Provided material:
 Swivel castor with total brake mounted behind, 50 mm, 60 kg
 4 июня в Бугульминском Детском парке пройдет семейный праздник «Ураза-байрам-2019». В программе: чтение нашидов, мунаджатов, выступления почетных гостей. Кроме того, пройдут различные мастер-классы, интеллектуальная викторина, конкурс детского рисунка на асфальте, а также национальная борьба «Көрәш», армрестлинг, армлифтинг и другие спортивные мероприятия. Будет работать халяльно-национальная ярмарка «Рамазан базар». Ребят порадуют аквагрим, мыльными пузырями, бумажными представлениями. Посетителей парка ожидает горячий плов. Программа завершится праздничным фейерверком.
--
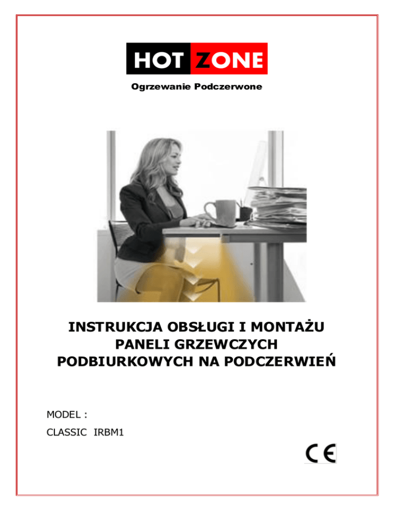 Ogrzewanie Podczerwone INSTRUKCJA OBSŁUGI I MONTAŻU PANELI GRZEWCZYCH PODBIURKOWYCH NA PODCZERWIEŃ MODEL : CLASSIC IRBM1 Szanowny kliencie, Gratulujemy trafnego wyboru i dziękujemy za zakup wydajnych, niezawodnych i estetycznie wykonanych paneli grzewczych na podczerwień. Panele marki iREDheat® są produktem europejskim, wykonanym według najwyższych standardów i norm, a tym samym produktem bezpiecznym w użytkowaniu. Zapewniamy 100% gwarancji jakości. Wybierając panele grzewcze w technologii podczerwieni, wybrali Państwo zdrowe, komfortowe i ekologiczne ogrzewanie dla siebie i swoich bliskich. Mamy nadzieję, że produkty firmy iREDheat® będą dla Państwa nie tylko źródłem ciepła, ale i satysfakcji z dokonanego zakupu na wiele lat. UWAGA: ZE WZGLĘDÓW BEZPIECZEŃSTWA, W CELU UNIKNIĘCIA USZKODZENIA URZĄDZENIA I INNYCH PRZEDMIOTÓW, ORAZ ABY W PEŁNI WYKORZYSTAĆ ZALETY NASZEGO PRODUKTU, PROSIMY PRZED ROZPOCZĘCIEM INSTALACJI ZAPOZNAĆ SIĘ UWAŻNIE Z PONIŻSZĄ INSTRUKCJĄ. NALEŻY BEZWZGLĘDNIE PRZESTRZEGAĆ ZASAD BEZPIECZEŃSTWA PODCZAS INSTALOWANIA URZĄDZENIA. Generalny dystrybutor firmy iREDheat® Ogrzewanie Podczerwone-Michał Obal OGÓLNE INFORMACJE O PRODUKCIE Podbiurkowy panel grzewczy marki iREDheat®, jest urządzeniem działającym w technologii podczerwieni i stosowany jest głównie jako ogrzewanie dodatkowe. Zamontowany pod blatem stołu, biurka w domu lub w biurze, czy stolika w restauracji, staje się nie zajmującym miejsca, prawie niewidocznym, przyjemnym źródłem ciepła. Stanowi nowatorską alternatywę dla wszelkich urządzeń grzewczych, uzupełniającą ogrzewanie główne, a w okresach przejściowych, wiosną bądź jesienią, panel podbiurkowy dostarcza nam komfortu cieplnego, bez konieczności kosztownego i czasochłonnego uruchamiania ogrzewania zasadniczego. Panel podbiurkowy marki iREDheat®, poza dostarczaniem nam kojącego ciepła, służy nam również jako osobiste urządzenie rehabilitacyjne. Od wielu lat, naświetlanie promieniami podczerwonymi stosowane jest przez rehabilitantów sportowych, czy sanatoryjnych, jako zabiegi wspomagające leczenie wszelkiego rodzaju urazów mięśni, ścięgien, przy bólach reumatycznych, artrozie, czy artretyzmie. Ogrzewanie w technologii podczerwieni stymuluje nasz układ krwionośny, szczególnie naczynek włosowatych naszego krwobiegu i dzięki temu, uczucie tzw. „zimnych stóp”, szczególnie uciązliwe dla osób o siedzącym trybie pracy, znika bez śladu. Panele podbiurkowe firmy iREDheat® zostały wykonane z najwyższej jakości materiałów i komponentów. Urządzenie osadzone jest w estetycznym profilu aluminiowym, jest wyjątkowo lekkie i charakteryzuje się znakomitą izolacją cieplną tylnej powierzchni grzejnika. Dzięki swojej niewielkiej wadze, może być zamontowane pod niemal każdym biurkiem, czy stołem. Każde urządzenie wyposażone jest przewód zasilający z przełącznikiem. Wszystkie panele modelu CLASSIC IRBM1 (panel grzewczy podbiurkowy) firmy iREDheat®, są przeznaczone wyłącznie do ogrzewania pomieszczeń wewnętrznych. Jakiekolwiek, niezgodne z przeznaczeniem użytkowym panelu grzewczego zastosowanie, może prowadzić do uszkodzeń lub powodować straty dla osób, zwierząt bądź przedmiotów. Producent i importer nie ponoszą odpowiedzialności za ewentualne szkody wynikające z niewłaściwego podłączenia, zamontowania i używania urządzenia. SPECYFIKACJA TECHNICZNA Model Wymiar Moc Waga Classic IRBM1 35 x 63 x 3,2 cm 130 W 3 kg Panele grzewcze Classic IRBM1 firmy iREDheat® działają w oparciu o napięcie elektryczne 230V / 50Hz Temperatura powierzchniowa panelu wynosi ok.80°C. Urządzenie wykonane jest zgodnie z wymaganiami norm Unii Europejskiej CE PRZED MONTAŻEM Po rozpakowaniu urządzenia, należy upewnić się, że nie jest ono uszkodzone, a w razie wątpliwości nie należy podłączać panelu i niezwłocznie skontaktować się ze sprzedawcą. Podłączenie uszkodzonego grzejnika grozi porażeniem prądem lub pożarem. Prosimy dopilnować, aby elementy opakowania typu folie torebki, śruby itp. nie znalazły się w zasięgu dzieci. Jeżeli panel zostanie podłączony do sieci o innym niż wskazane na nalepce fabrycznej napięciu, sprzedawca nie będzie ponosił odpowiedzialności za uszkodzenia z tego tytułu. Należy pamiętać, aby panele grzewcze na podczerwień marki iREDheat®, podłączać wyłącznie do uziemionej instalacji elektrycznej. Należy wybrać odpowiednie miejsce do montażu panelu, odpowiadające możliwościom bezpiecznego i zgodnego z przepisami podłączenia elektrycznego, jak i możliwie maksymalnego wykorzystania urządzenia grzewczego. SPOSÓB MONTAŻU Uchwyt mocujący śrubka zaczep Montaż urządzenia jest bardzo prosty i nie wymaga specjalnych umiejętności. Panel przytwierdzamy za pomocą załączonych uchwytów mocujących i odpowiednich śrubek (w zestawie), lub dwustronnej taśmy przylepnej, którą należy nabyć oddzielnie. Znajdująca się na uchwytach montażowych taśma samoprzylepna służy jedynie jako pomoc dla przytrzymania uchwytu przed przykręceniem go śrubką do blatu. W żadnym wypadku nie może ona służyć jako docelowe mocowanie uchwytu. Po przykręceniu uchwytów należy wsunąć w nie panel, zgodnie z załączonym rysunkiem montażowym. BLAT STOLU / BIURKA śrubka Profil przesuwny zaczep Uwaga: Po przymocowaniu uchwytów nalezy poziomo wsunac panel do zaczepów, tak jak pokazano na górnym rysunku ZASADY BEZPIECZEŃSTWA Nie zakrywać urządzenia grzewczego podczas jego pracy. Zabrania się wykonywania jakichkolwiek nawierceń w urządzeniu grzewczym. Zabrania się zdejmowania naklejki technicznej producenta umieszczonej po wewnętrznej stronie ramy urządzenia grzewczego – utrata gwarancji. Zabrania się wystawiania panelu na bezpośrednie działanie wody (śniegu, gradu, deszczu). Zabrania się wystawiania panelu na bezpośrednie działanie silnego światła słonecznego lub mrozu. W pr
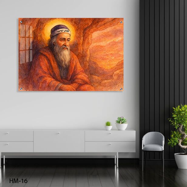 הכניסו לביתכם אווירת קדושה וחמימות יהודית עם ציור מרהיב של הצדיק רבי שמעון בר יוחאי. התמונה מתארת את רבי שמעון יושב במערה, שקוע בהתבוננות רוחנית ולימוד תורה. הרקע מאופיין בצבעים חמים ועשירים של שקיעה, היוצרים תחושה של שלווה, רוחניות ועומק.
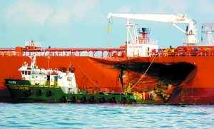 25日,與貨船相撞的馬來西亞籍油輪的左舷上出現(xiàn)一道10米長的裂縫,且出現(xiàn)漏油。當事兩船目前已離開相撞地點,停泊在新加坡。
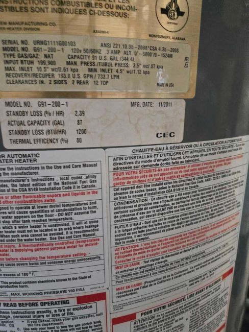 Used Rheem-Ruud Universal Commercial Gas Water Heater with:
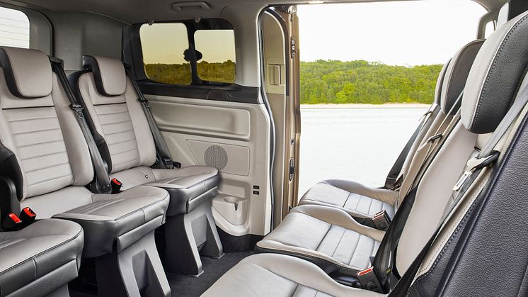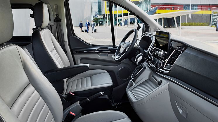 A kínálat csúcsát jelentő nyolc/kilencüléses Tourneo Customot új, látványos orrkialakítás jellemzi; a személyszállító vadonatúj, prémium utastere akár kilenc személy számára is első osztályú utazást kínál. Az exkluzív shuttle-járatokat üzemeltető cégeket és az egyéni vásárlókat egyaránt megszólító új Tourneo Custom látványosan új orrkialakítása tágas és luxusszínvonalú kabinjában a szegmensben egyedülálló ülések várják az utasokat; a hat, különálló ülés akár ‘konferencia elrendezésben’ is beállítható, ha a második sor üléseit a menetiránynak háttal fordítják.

Problem requirements: From the data above, return only the lines starting at the line that holds "הכניסו לביתכם אווירת" and ending at the line that holds "Used Rheem-Ruud Universal", word for word and without pictures.

Answer section:
 הכניסו לביתכם אווירת קדושה וחמימות יהודית עם ציור מרהיב של הצדיק רבי שמעון בר יוחאי. התמונה מתארת את רבי שמעון יושב במערה, שקוע בהתבוננות רוחנית ולימוד תורה. הרקע מאופיין בצבעים חמים ועשירים של שקיעה, היוצרים תחושה של שלווה, רוחניות ועומק.
 25日,與貨船相撞的馬來西亞籍油輪的左舷上出現(xiàn)一道10米長的裂縫,且出現(xiàn)漏油。當事兩船目前已離開相撞地點,停泊在新加坡。
 Used Rheem-Ruud Universal Commercial Gas Water Heater with:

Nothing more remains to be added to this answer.